2.3.2. Gated Recurrent Unit (GRU)

GRU is a simple version of LSTM that integrates the forget and the input gates [39]. The RNN also inspires the architecture of GRU, and the info within the GRU is regulated by a two-gate system, which has a quicker training time due to less computational load [5,40]. Also, GRU is appropriate for processing text, speech, and time series data, which utilize a gate structure to facilitate information flow with the reset and the update gate [37,41]. GRU’s high efficiency and excellent performance make it a good choice for many sequential data tasks [42,43]. The advantages of GRU include fewer parameters, making it computationally less expensive and faster to train than LSTM. In contrast, the disadvantages of GRU included being more prone to overfitting on smaller datasets and requiring careful tuning of hyperparameters.

2.3.3. Long Short-Term Memory (LSTM)

LSTM is an advanced version of RNN which possesses extensive memory capable of dealing with long-term dependencies and memorizing information over an extensive period, with main components such as cell state holding information throughout the data processing [39]. LSTM has three logic gates that control how information flows through the system and can also overcome the weakness of RNNs [5]. LSTM is an extraordinary deep learning model with improved capabilities to overcome the challenging conditions faced by RNNs with three main functional areas: the forget gate, the input gate, and the output gate [37,44,45]. The advantages of LSTM included handling long sequences and being appropriate for processing data with long-range dependencies.
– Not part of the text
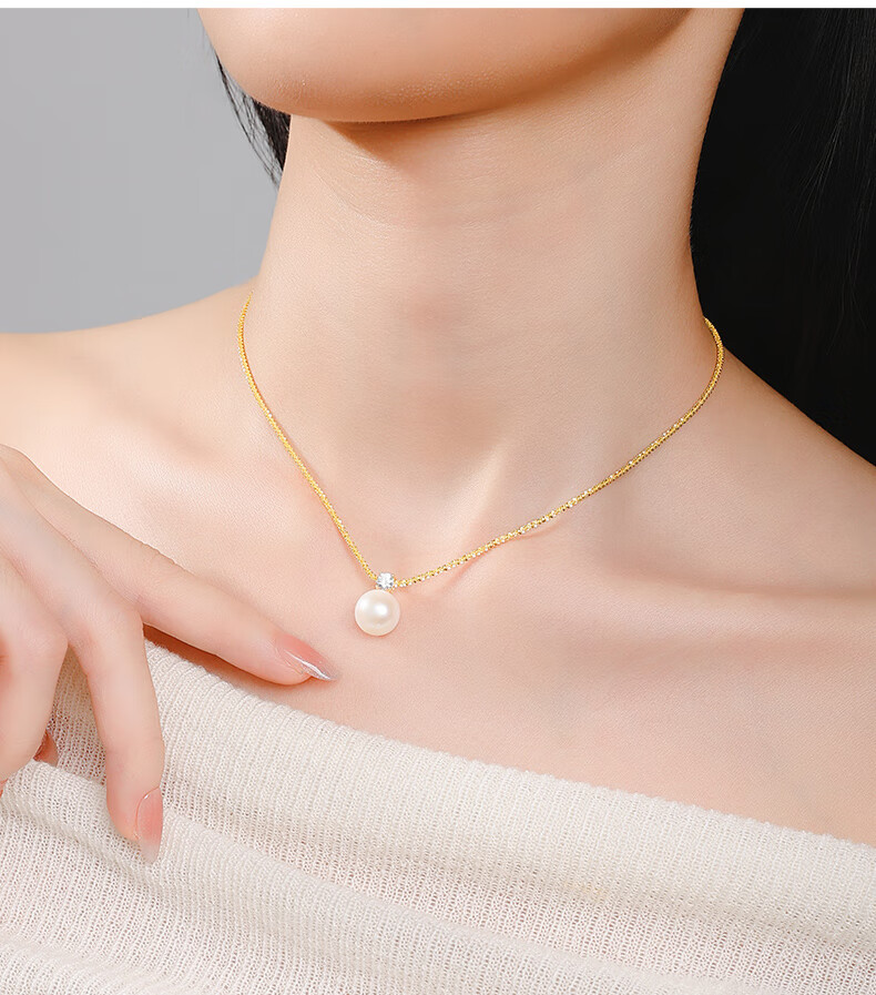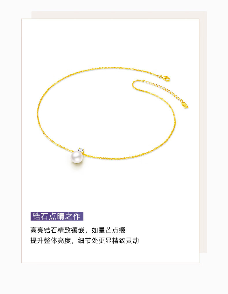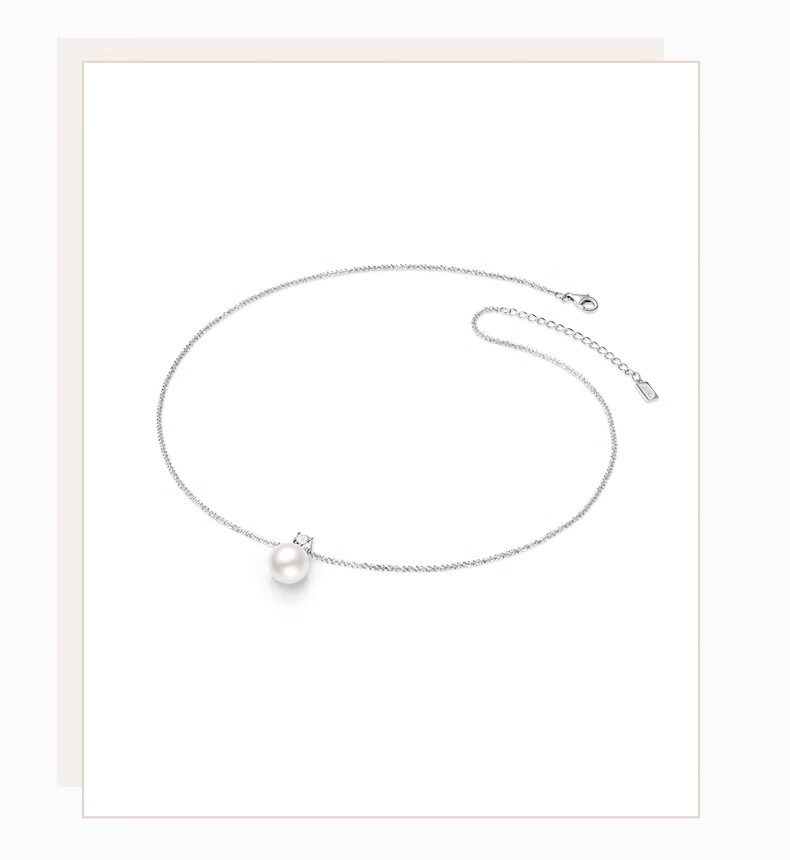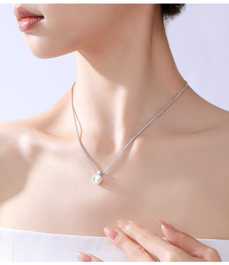 周大生*DC碎银子珍珠项链女款银项链轻奢锁骨链生日礼物女士 银色

The disadvantages of LSTM included computational complexity and being more intensive compared to other neural networks, being prone to overfitting when there are insufficient training data, and requiring several hyperparameter tunings.

2.3.4. Random Forest (RF)

RF has evolved from several variations of decision trees with forecasting based on the average prediction provided by a series of trees [39]. RF is a supervised learning ensemble algorithm, in combination with decision trees, to form a forest with the bagging concept, which adds randomness to the trees, making it capable of solving classification and regression cases [4]. The decision tree comprises three parts, the root, the leaf, and the internal node, with the root node storing all the data, the internal node classifying the features, and the leaf node representing the output results [7,46]. In addition, RF is known to be a simple yet efficient and interpretable method, making it one of the most favorable techniques for air pollution forecasting [8]. The advantages of RF include the bias remaining the same with multiple decision trees and it being straightforward and user-friendly to make predictions. In contrast, the disadvantages of RF include not training well on smaller datasets and the time required to train multiple big decision trees.

2.3.5. Recurrent Neural Network (RNN)

RNN can work with both time series and sequential data, with an internal memory that can implement neuron feedback itself. This allows the model to have short-term memory, making it possible for time series forecasting [39]. RNNs represent a favorable choice for time series-based forecasting, and a standard RNN has simple functions for input data and forecasting with minimal errors and simple mechanisms. Some drawbacks of RNNs include gradient exploding/disappearing and data morphing [5,47,48,49]. The advantages of RNNs include their effectiveness in sequence modeling tasks, their explicit design for processing sequential data, and their ability to process sequences of variable length. In contrast, the disadvantages of RNNs include limited memory, being problematic when dealing with long sequences, and being biased toward recent data in the sequence.

2.3.6. Support Vector Regression (SVR)

SVR is a regression derived from the support vector machine (SVM), which can be used in classification problems [39]. SVR is established by optimizing SVM based on deep learning functions and prevailing overfitting, underfitting, and local optimization using mathematical methods and techniques [8,13,50]. The advantages of SVR include good robustness against outliers, good forecasting accuracy, ease of implementation, resistance to overfitting, and prevailing against nonlinear limitations and uncertainties. In contrast, the disadvantages of SVR include needing to be more suitable for large datasets and performing better when there is more noise in the dataset.

2.3.7. Shapley Additive Explanation (SHAP)

SHAP values were applied to interpret the feature score in the different forecasting models, which determines the impact of each feature on the forecasting model [7,8,51,52]. SHAP values offer a clear explanation for the contribution of each feature, which is essential to trace the source that leads to severe air pollution problems.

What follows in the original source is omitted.